- Ben düşmanım, benim gibisinden bir çare olmaz... Eğri gider, sana düşmanlık ederim.
- من عدوم چاره نبود کز منی ** کژ روم با تو نمایم دشمنی
- Kurttan bekçilik istemek doğru bir şey değildir... Bir şeyi bulunmadığı yerde aramak, aramamak demektir.
- حارسی از گرگ جستن شرط نیست ** جستن از غیر محل ناجستنیست
- Hiç şüphe etme ki ben sana düşmanım... Senin yolunu keserim ben, nasıl olur da sana yol gösteririm? 1975
- من ترا بیهیچ شکی دشمنم ** من ترا کی ره نمایم ره زنم
- Kim dostlarla düşer kalkarsa külhanda bile olsa gül bahçesindedir...
- هر که باشد همنشین دوستان ** هست در گلخن میان بوستان
- Fakat zamanede düşmanla düşüp kalkan gül bahçesinde bile olsa külhandadır!
- هر که با دشمن نشیند در زمن ** هست او در بوستان در گولخن
- Biz, ben diye varlığa düşerek dostu incitme de kimse, düşmanın olmasın!
- دوست را مازار از ما و منت ** تا نگردد دوست خصم و دشمنت
- Allah için halka hayır yap yahut kendi canın için herkese hayırda bulun da.
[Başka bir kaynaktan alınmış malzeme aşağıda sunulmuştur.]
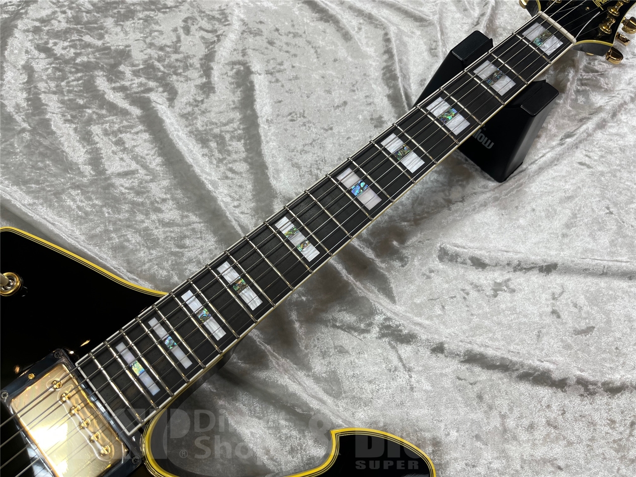 フィンガーボードはエボニーでアバロンとパーロイドを組み合わせたブロック・ポジション・マークは高級感を演出します。
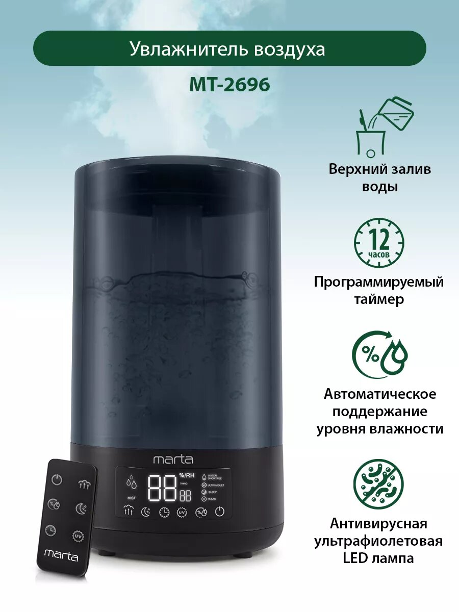 MARTA MT-2696 {черный жемчуг} увлажнитель воздуха с антивирусной УФ-лампой
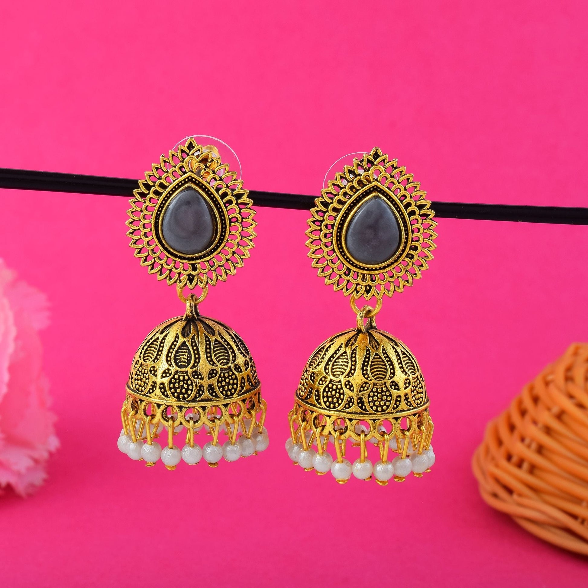 Exclusive Grey Color Oxidised Earrings Designed For Women’S Traditional Jewelry And Festive Occasions
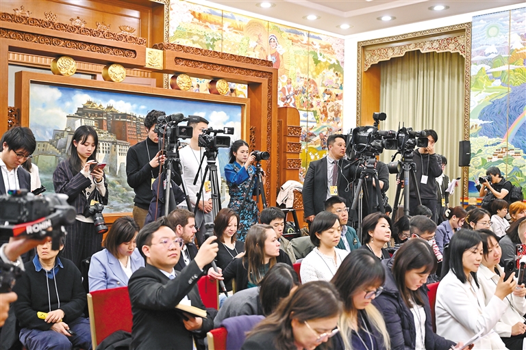 3月6日上午,十四屆全國人大三次會議西藏代表團(tuán)舉行開放團(tuán)組活動(dòng)。這是活動(dòng)現(xiàn)場。
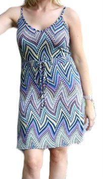 Envi Unique Zig-Zag Blue Print Spaghetti Strap Dress with Front Tie, X-Small

- خیر کن با خلق بهر ایزدت ** یا برای راحت جان خودت
- Daima gözüne dost görünsün... Gönlüne kin yüzünden çirkin suretler gelmesin! 1980
- تا هماره دوست بینی در نظر ** در دلت ناید ز کین ناخوش صور
- Fakat birisine düşmanlıkta bulundun mu ondan çekin... Seni seven bir dostla görüş, danışacağını ona danış!
- چونک کردی دشمنی پرهیز کن ** مشورت با یار مهرانگیز کن
- Adam dedi ki: Ey iyi kişi, biliyorum seni... Sen benim eski düşmanımsın.
- گفت میدانم ترا ای بوالحسن ** که توی دیرینه دشمندار من
- Fakat akıllı ve manevi bir adamsın; aklın eğri gitmeme razı olmaz.
- لیک مرد عاقلی و معنوی ** عقل تو نگذاردت که کژ روی
- Tabiat, düşmandan hıncını çıkartmak ister ama akıl, nefse demirden bir bağdır;
- طبع خواهد تا کشد از خصم کین ** عقل بر نفس است بند آهنین
- Gelir, onu kötülükten men eder, geri çeker... Akıl, onun iyi ve kötü hareketlerine adeta bir şahnedir. 1985
- آید و منعش کند وا داردش ** عقل چون شحنهست در نیک و بدش
- İmana mensup akıl adil bir şahneye benzer... Gönül şehrinin bekçisidir, hâkimidir.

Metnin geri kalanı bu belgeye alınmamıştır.